In this example I am going to put the example CLI project, Termifier GUI (a toy example app that converts JSON to Erlang terms) into the default FOSS realm, “otpr”. Because I am the sysop I have packaging and maintenance permissions for every package in the realm, as well as the sole authority to add projects and “accept” a package into the write-only indexes (packagers have “submit” authority, maintainers have “review”, “reject” and “approve” authorities).

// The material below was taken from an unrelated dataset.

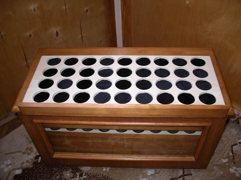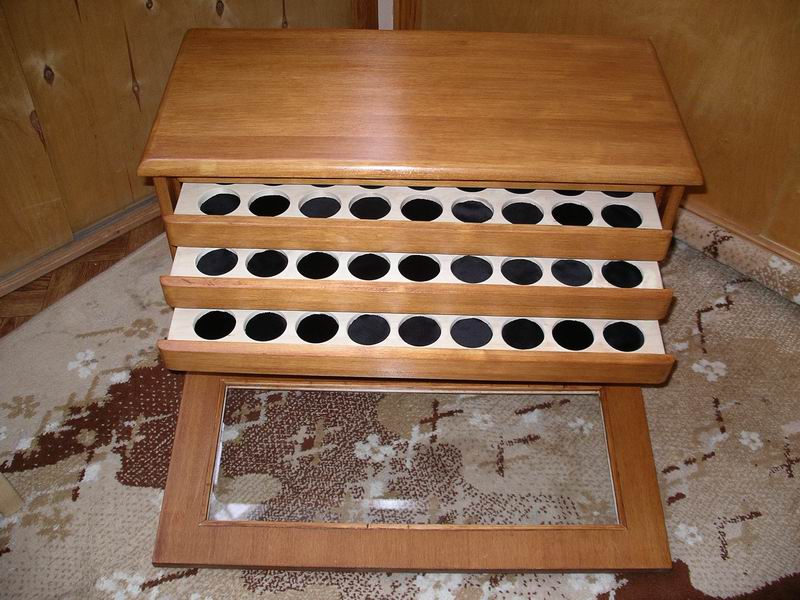 Материал-мебельный щит из берёзы. Из "химии"- морилка на водной основе, и столярный клей. Лаком не пользовался. Наносился слой морилки, поверхность шкурилась и так несколько раз. Отверстия под монеты 50мм в диаметре и 7мм глубиной, туда кладётся кружок бархата. Выставляю на ваш суд, если у кого есть опыт изготовления подобных изделий-просьба делиться опытом. |

[Note: The indexes are write only because dependencies in ZX are statically defined (no invisible updates) and the indexes are the only complete structure that must be mirrored by every mirroring node. Packages are not copied to new mirrors, they are cached the first time they are requested, with mirror nodes connected in a tree instead of a single hub pushing to all mirrors at once. This makes starting a new mirror very light weight, even for large realms, as no packages need to be copied to start (only the realm’s update history, from which the index is constructed), and packages in high demand experience “trickle down” replication, allowing mirrors to be sparse instead of complete. Only the “prime node” for a given realm must have a complete copy of everything in that particular realm. Nodes can mirror an arbitrary number of realms, and a node that is prime for one or more realms may mirror any number of others at the same time, making hosting of private project code mixed with mirrored public FOSS code a very efficient arrangement for organizations and devops.]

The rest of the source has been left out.